Regardless, to return to the point I made in Part 1, there remains the issue of the ontological layer. Beyond the remythologizing of our values and moral vision, reembedding them in the Christian story, there remains the issue of metaphysical truth, the question of the Real. As we've noted, Peterson hesitates at the ontological layer. He will remythologize our moral vision and values, but he won't reontologize the myth. And that's the part I'm interested in. Here's a picture of the work I think needs to be done, still moving from top to bottom:
Moral / Political Layer
↓ [remythologization] ↓
Existential / Symbolic / Mythological / Narrative Layer
↓ [reontologization] ↓
Ontological Layer
That is to say, the moral and political layer is reembedded in the story and the story is reconnected to the Real.
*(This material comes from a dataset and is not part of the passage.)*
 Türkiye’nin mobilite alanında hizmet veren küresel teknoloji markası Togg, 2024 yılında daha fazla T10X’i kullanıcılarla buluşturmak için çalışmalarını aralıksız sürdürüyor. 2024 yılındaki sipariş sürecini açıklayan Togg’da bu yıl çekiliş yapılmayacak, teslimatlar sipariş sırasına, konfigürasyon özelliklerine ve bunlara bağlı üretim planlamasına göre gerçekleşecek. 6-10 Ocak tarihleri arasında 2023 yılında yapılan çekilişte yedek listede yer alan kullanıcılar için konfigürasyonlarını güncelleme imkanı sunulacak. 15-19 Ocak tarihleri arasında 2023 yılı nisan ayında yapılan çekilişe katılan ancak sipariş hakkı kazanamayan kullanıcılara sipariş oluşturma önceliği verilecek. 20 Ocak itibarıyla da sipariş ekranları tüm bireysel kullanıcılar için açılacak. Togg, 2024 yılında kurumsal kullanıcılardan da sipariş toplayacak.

Of course, a person might say, for the reasons I discussed in the last post, that this final step of reontologization, what we might call the "confessional" or "creedal" step, is problematic. Once things get ontological, it will be asserted, things start to get dogmatic and exclusive. Which is a no-no in a pluralistic, post-modern, liberal, humanistic, inclusive, spiritual-not-religious world. So, let's keep things restricted to the top layers. Keep things at the mythological level, like a Jordan Peterson or a spiritual-but-not religious "spiritual seeker." That, or keep things restricted to the moral and political layer, like a liberal humanist or a social justice warrior.
In response to that desire, I've already described in the prior two posts how the layers will start to drift when they become decoupled. For example, Peterson and his fans are concerned that the moral vision of the West is becoming decoupled from the Christian myth. And while I think they are wrong in their partisan response to that threat, I think they are right in raising the concern that an anti-human worldview will come to replace the Christian myth.
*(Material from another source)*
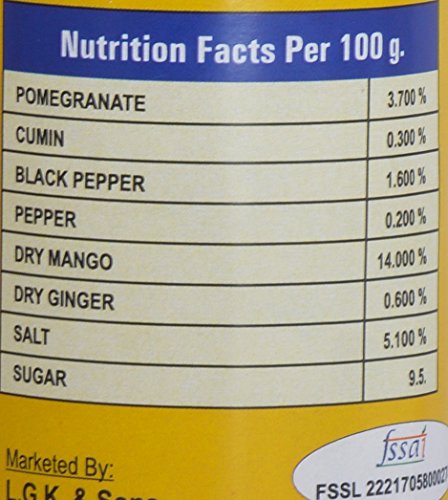 Ingredients: Pomegranate Cumin Black Pepper Black Salt Dry Mango Dry Ginger And Sugar Aniseed Menthol Permitted Colours

In a similar way, I've expressed concerns about how Peterson's vision of the Christian myth is decoupled from Christian metaphysics and ontology. Without that ontological connection, I've argued, Peterson's remythologization of the Bible is vulnerable to its own drift into dark, Nietzschean waters. Paul Kingsnorth has powerfully made this point.
In short, if you want to cast an anchor, that anchor has to reach the bottom. You have to make contact with the Real. Anything less deep and you'll start to drift. Values need to be remythologized. And the myth needs to be reontologized
But a reader might respond, "Well, that's Jordan Peterson's problem." What about, then, the progressive liberal humanists? The social justice warriors? The spiritual seekers? How are they susceptible to drift?